## Task details:
Beneath this line is the data. Output exactly the lines from the line with "Coppia di cornici" to the line with "可见,基数小在增速上有先天优", both ends included, and nothing more.
== Recorded data ==
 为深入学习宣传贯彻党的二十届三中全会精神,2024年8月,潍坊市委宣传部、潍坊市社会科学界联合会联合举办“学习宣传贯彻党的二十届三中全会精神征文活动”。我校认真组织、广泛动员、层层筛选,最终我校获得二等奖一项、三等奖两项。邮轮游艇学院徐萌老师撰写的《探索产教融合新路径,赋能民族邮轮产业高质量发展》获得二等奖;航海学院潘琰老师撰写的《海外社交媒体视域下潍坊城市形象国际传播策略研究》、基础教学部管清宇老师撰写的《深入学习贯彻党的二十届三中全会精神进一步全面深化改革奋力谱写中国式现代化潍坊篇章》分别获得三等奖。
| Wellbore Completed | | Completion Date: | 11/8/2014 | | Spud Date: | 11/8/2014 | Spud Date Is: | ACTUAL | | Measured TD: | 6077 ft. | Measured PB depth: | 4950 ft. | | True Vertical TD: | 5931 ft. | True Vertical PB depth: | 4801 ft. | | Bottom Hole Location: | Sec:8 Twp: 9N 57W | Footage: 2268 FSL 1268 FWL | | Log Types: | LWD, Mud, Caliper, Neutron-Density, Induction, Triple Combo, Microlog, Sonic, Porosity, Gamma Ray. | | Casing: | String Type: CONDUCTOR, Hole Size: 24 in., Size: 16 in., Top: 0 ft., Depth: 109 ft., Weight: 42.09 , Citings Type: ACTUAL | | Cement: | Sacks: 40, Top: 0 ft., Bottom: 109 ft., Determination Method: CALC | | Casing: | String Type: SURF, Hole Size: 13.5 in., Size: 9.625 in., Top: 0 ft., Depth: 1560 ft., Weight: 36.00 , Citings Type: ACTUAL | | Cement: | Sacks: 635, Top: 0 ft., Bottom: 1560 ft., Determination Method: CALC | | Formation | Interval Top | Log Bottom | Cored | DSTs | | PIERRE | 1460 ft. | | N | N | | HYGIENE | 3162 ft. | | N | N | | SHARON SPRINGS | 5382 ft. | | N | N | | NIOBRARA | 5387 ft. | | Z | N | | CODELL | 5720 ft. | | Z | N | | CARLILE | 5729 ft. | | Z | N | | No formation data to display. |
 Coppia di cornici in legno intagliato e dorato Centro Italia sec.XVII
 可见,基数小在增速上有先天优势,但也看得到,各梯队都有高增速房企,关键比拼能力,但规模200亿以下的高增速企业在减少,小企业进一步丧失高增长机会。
===
== Recorded data ==
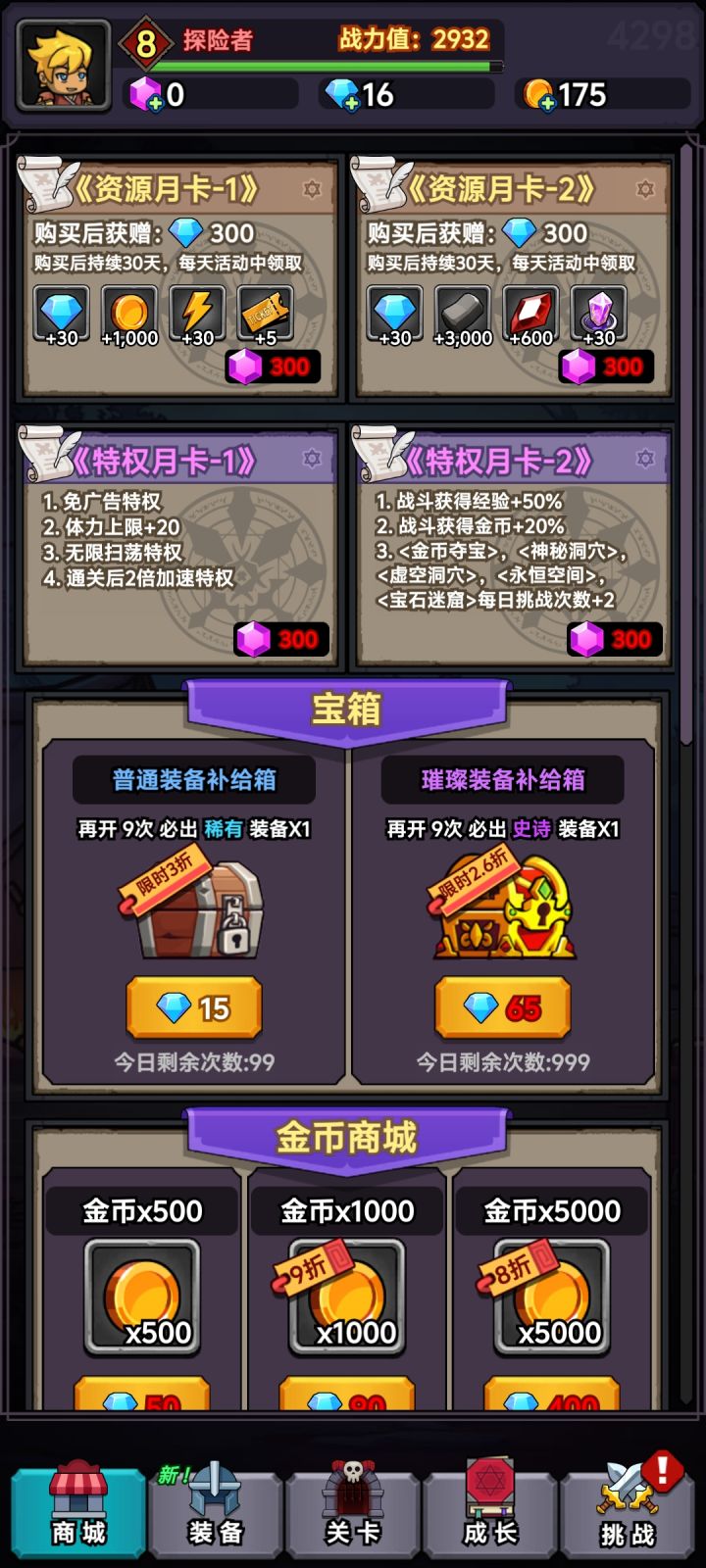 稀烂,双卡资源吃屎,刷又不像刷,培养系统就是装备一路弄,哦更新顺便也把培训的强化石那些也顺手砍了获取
===
## Solution to this exercise:
 Coppia di cornici in legno intagliato e dorato Centro Italia sec.XVII
 可见,基数小在增速上有先天优势,但也看得到,各梯队都有高增速房企,关键比拼能力,但规模200亿以下的高增速企业在减少,小企业进一步丧失高增长机会。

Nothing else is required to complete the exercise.